* [RECORDS FOR THE EXERCISE]:
-- -- --

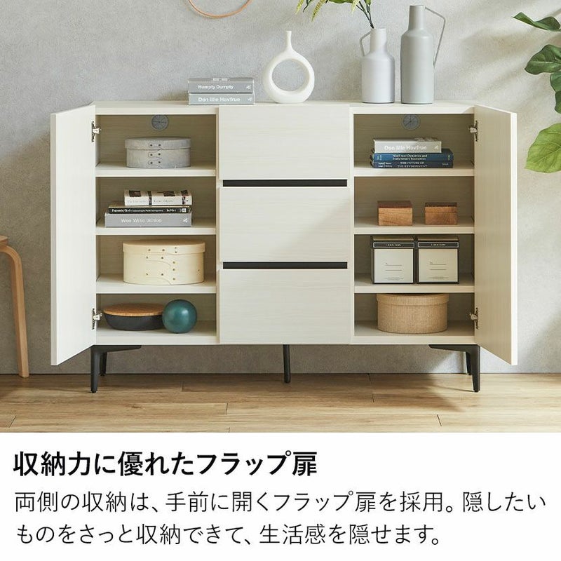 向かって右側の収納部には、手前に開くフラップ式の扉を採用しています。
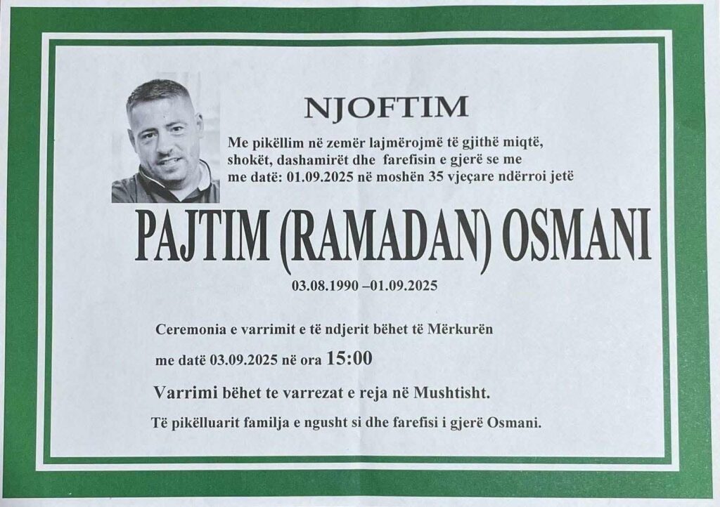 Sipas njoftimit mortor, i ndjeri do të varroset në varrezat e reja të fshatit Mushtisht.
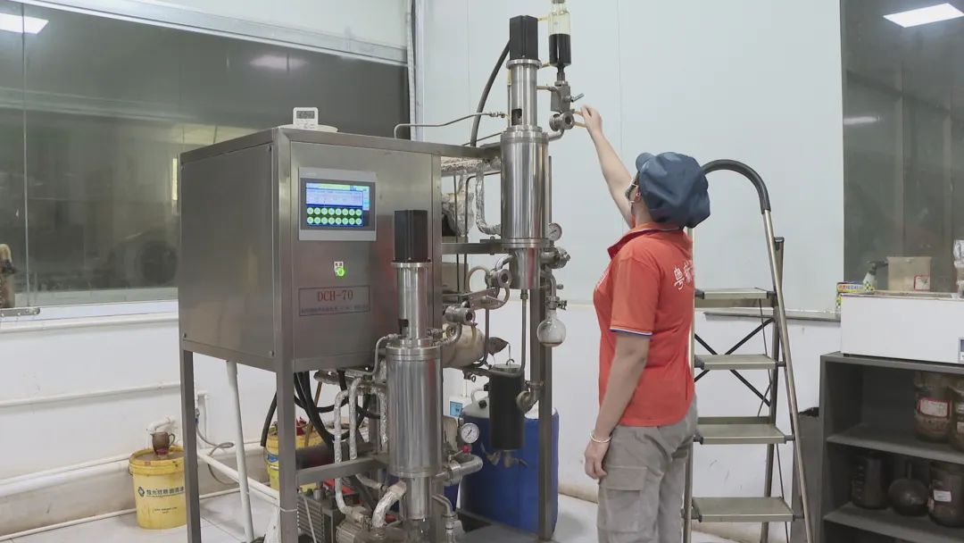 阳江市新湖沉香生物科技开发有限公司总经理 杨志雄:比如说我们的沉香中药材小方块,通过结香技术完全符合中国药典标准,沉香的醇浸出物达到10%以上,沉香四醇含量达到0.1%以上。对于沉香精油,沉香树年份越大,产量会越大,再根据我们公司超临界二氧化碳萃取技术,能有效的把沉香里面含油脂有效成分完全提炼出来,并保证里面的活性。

-- -- --

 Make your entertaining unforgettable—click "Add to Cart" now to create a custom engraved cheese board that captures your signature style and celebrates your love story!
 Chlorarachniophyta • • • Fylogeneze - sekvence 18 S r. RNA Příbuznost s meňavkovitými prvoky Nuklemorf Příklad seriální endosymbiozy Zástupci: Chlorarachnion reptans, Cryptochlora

-- -- --

* [WHAT TO DO]: Reproduce, word for word and in full, only the lines above that start at the line with "Make your entertaining" and run through the line with "Chlorarachniophyta • •", both ends included.

* [WRITTEN REPLY]:
 Make your entertaining unforgettable—click "Add to Cart" now to create a custom engraved cheese board that captures your signature style and celebrates your love story!
 Chlorarachniophyta • • • Fylogeneze - sekvence 18 S r. RNA Příbuznost s meňavkovitými prvoky Nuklemorf Příklad seriální endosymbiozy Zástupci: Chlorarachnion reptans, Cryptochlora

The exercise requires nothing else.